9.5 Case study: Interaction plots

Figure 9.12 shows an interaction plot of the number of offenders in different ethnic groups, comparing 2011 to 2021. The raw data are shown in Table 9.4.

Table 9.4: The number of offenders in different ethnic groups in 2011 and in 2021.

group	year	count
Māori	2011	5957
Pasifika	2011	1092
European/Other	2011	5775
Unknown	2011	194
Māori	2021	2869
Pasifika	2021	328
European/Other	2021	1833
Unknown	2021	1589

The purpose of the interaction plot is to show the change in the number of offenders between 2011 and 2021 for each of the ethnic groups. If the lines of the interaction plot were parallel we would conclude that the same change has happened to all ethnic groups; the fact that the lines are not parallel indicates that there have been different changes in some ethnic groups compared to other ethnic groups.⁹

Figure 9.12: An interaction plot showing the change in the number of offenders in different ethnic groups between 2011 and 2021.

The data symbols in Figure 9.12 are straight line segments. The year is encoded as the horizontal start and end position of the lines and the number of offenders is encoded as the vertical start and end position of the lines. The ethnic group is encoded as the colour of the lines.
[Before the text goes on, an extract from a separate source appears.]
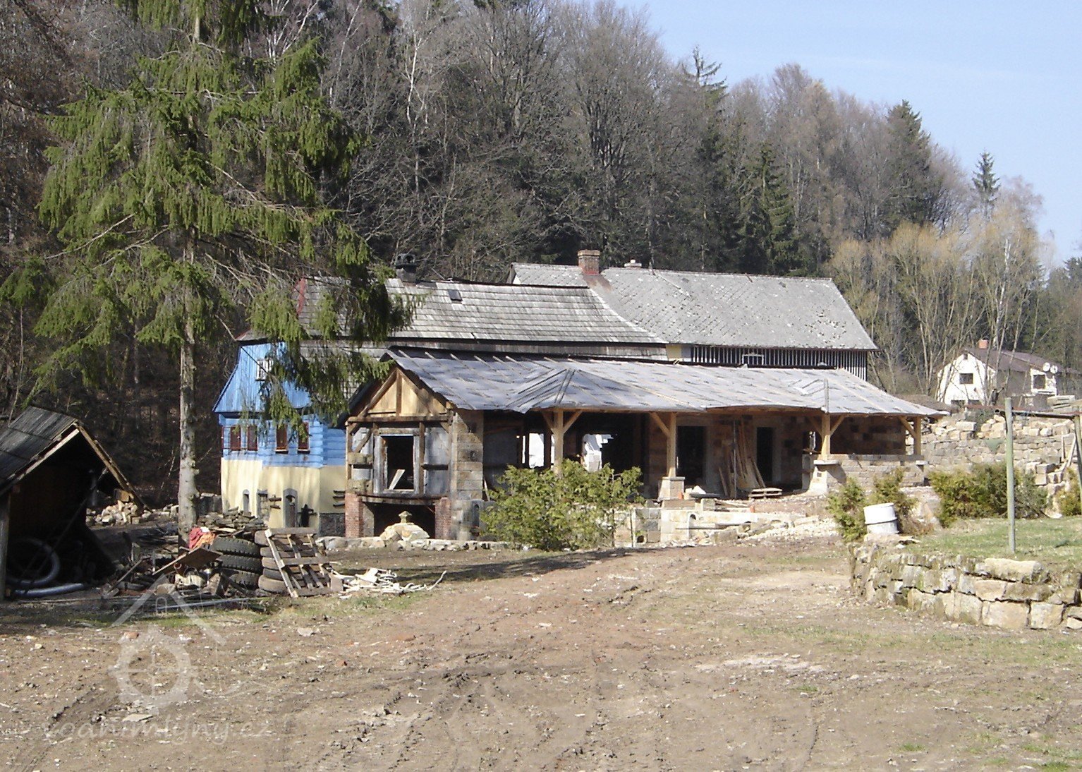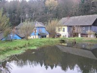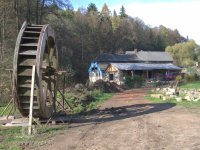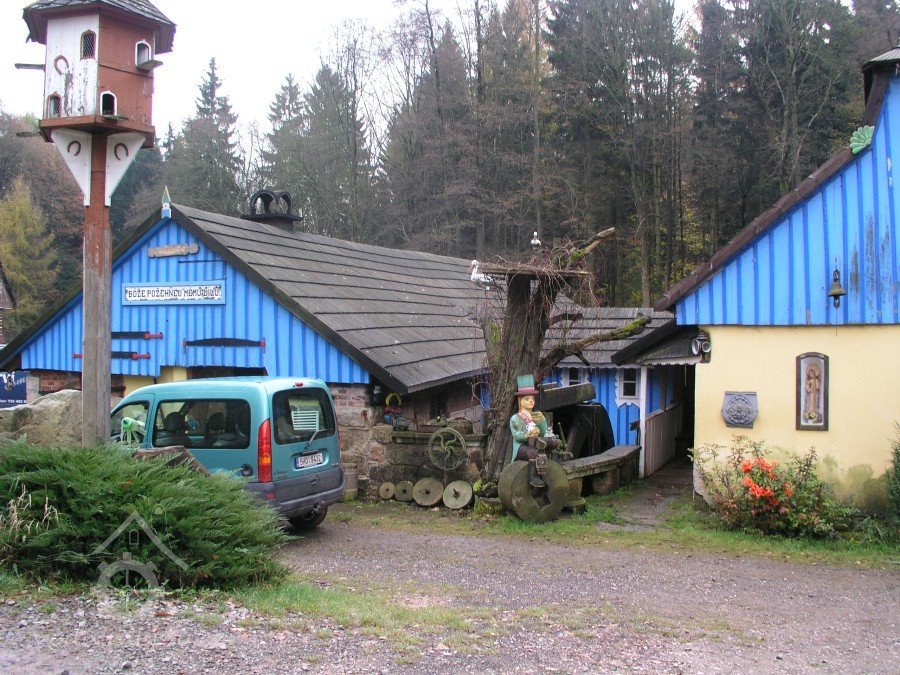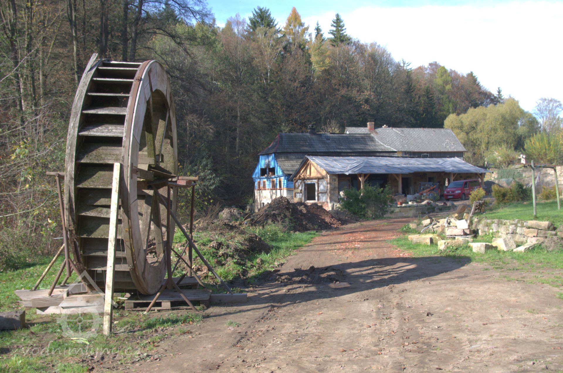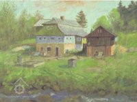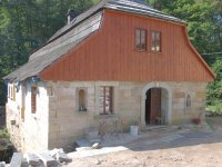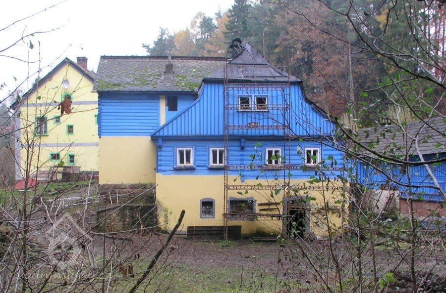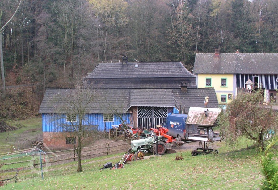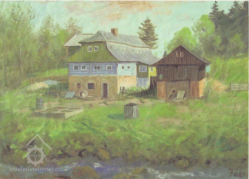 V létě roku 1945 (na národní výzvu o osídlování pohraničí po II. světové válce), zažádal příslušné úřady o přidělení opuštěného mlýna pan Václav Červený I. (můj děda ze strany otce), nar. 28. 9. 1904 v Jaroměří, zemř. 30. 6. 1977 v Komárově, vyučený jako mlynářský tovaryš - za války zaměstnán jako mládek ve mlýně Dvůr Králové n.L. - Verdek. Celý komplex: Mlýn, pekárna a pila včetně okolních pozemků, pole, louky, les, rybníky atd., byl v majetku paní Anny Patzak, která musela vše opustit a jako Němka spadala do odsunu z pohraničí v prvním sledu. Po jejím odchodu projevili o mlýn zájem bratři Sokolíkové. Byli to ale zřejmě jen "zlatokopové", kteří tu pobyli pouze několik týdnů. Údajně vše prohledali, co mělo pro ně nějakou cenu tak odvezli a aniž by vůbec zažádali o přiděleni, tak zase zmizeli. Bezprostředně po jejich odchodu přišel děda s plnou hlavou ideálů. Po pár měsících zkoušek a drobných úprav děda mlýn spustil na stávajícím zařízení. Místní sedláci jezdili s pšenicí k semletí, ale protože jejich finanční možnosti se rovnaly téměř nule a hotovosti nikdo z nich neoplýval, tak v drtivé většině bylo mleti a šrotování na dluh. Systém: Děkuju ti Václave a srovnáme to příště, nemohl zákonitě fungovat dlouho. Tento stav vedl dědu k rozhodnuti, že se mlýn odstaví a po dobu kompletní rekonstrukce bude v celoroční činnosti pouze pila. Předpokládal, že se po dobu odstávky taky trochu zlepší finanční možnosti zákazníků. Zařízení pily bylo v solidním stavu a strojový park měl dostatečně pokrýt tehdejší poptávku po řezivu a trámech na opravy opuštěných a zchátralých usedlosti v okolí, kam se čas od času nastěhovali nově příchozí osídlovatelé. Následovalo období, kdy bylo potřeba namalovat a schválit nějaké plány, vyměnit rozmístění strojů a skloubit veškeré návaznosti. Po vyhotoveni seznamů, přišlo na každodenní shánění všeho potřebného. Veškerá povoleni, dohody o dodání a montáži mlynářského zařízení, dohody o stavebních změnách a úpravách, objednávky řemeslníků na stavbu turbín, betonování vstupních šachet turbín v hrázi rybníka, oprava hráze, vyčištěni rybníka a náhonu, elektromontéry na rozvody atd. atd. Je až nepředstavitelné, že tohle všechno musel děda s tátou obstarat a všechny návštěvy u dodavatelů absolvovat vlakem nebo na kole. Na žně v létě 1947 byl mlýn plně připraven. Rekonstrukce byla provedena vskutku v téměř rekordním čase jednoho roku a několik měsíců. V přízemí byly namontovány 3 válcové stolice, šrotovník, váha a pytlovačky. V patře u vikýře nad vchodem do mlýnice byly nad jednotlivými stolicemi násypky pro obili a po levé straně (při pohledu z průčelí) vertikální válcové zásobníky. V podkroví (na straně k potoku) byla třídička, v hantýrce mlynářů - pláncichtr, což byla v podstatě soustava za sebou jdoucích kmitacích sít o různé hrubosti pláten na třídění zrnitosti mouky (od hladké až po krupici). Z tohoto nejvyššího místa mlýnice byla mouka šupnami sypána do zásobníků v patře a odtud dále do pytlovaček v přízemí. Plevy jako odpad ze šrotovníku a otruby byly sypány do sklepa, do prostor chlévů. Mezi pilou a mlýnem byly v suterénu, cca 3 m pod úrovní hladiny vody v rybníku namontovány dvě Francisovy turbiny s možností spřažení. Znamenalo to, že mohl fungovat jak katr na pile, tak i současně mlýn, každý na jednu turbínu, ale samozřejmě s omezeným výkonem. Pokud bylo potřeba rychle a hodně řezat, nebo rychle a hodně mlít, tak se turbíny spřáhly (skuplovaly) a znásobením síly se vytvořil požadovaný výkon. Pekárna plnila svůj účel jen zřídka. Pekl se pouze chleba a jen jednou v týdnu. Její zařízení si nepamatuju. Vím jen, že dole vpravo byla poměrně velká pec, kterou někdy okolo roku 1960 můj otec zboural, místnost přepažil a vytvořil obývací pokoj. Současně vybudoval pod schody do patra WC. Původní suchý záchod byl až v kůlně za garáží. Dodnes mám před očima to nádherné a řemeslně perfektně zpracované zařízení. Hladkost a slícovanost veškerých bukových prken a latěk kryjících zásobníky, světle žlutou barvu vynášecích dopravníků a celkové bandáže strojů. Lesklou černou barvu v kombinaci s temně bordovou na ocelových a litinových částech stolic, řemenic a soukolí transmise. Vycíděné skleničky odkapávacích maznic na třecích ložiskách hřídelů atd...

These encodings are effective for decoding the raw data values in Table 9.4 from the end points and the colours of the lines.

In addition, the explicit encodings generate an emergent feature: the angle of the lines. Furthermore, the angle of the lines allow us to decode a data summary: the change in the number of offenders between 2011 and 2021 (Figure 9.6).

An interaction plot is effective because it allows us to decode changes in the data values from the angles of the lines.

By comparison, it is more difficult to decode and compare the change in the number of offenders for each ethnic group in a bar plot like the one shown in Figure 9.13. Partly this is because we have to decode the lengths of two bars for each ethnic group rather than the slope of a single line.¹⁰

On the other hand, individual data values, such as the number of offenders in a single ethnic group for a single year, are easier to decode from the bar plot in Figure 9.13 than from the lines in Figure 9.12. This is an example of the emergent feature (slope) partially obscuring the explicit encodings (horizontal and vertical position) in Figure 9.12. We will discuss this more in Chapter 10.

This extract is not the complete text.